Heartbeat Monitors
Add a heartbeat monitor to make sure you keep on receiving data.
It makes sense to monitor the status of a system, but what happens when no data is received by the monitoring system? MonaLisa doesn't naturally have a way of querying "When did I last hear from the headnode?", but a heartbeat monitor through the alerts system can keep track of precisely this. The format of a heartbeat filter is this:
<heartbeat farm="My Farm" cluster="My Cluster" node="My Node" param="My Param" timeout="300">If the timeout value - specified in seconds - is not given, then it defaults to 300. The best place to use the heartbeat is to check and see if your MonaLisa service is still alive from another MonaLisa service; in Nagios terminology, peering.

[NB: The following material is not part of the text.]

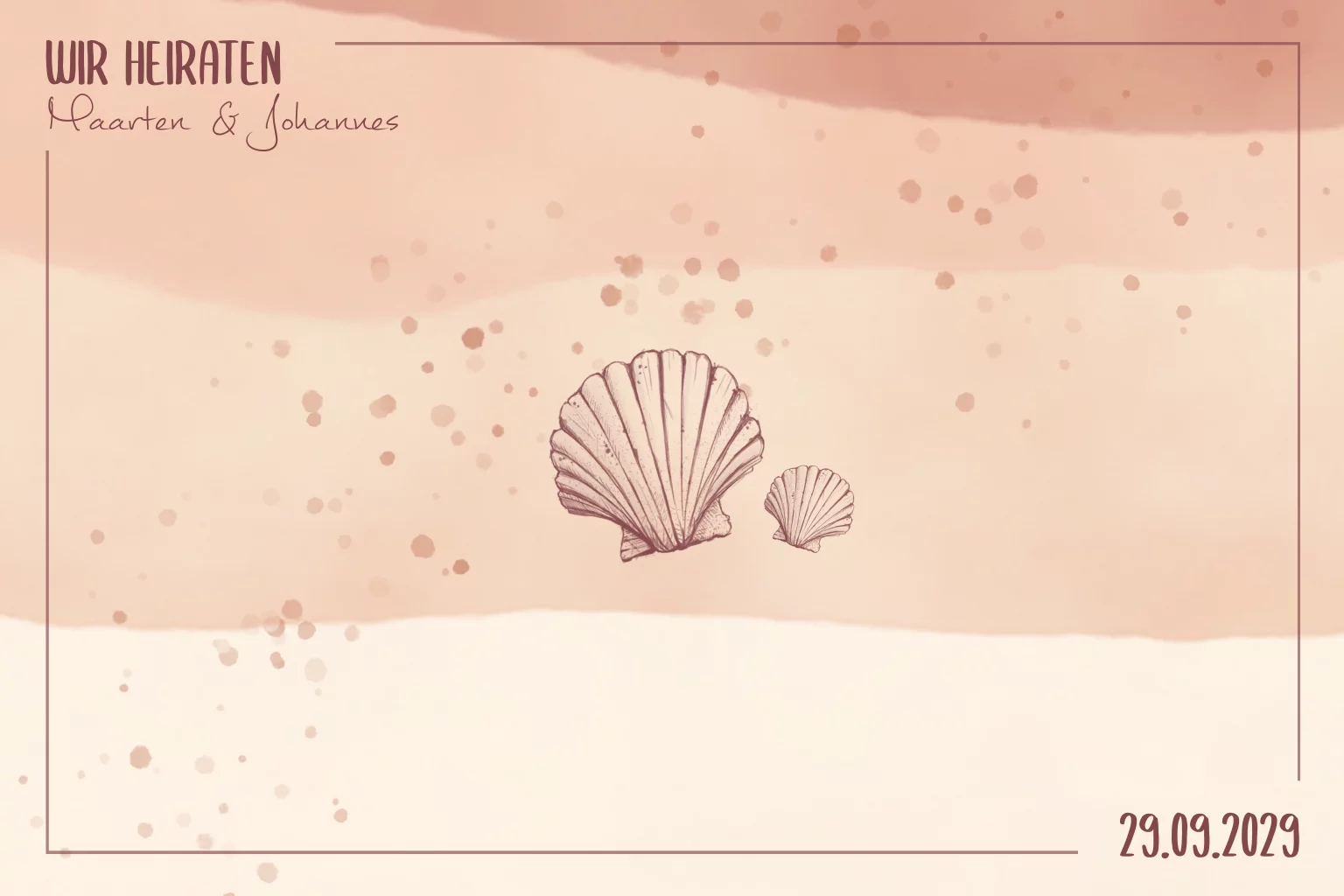 Einladungskarte mit Aquarell Strand Muster und Muscheln. Die Postkarte in Apricot Tönen hat einen zarten Rahmen und Sprenkel. Auf der Rückseite ist Platz für Euer Verlobungsfoto.

For example, on our osg-test2 host, we have the following Alert.xml:
<!-- list actions to take here -->
</heartbeat>
<?xml version="1.0" encoding="UTF-8" ?>
<filters>
<heartbeat farm="red.unl.edu" cluster="MonaLisa" node="localhost-gone" param="Load5" timeout="40">
<print> Cluster headnode is down! </print>
<email>
<from>alerts@osg-test2.unl.edu</from>
<to>some-address@your-site.edu</to>
<subject>$FARM is down.</subject>
<text>This is an automated MonaLisa alert. To filter it out, simply filter any messages containing "FILTER_MONALISA".
$FARM has stopped sending heartbeat messages. Please check.
</text>
</email>
</heartbeat>
</filters>
This will let us know if our headnode has gone down.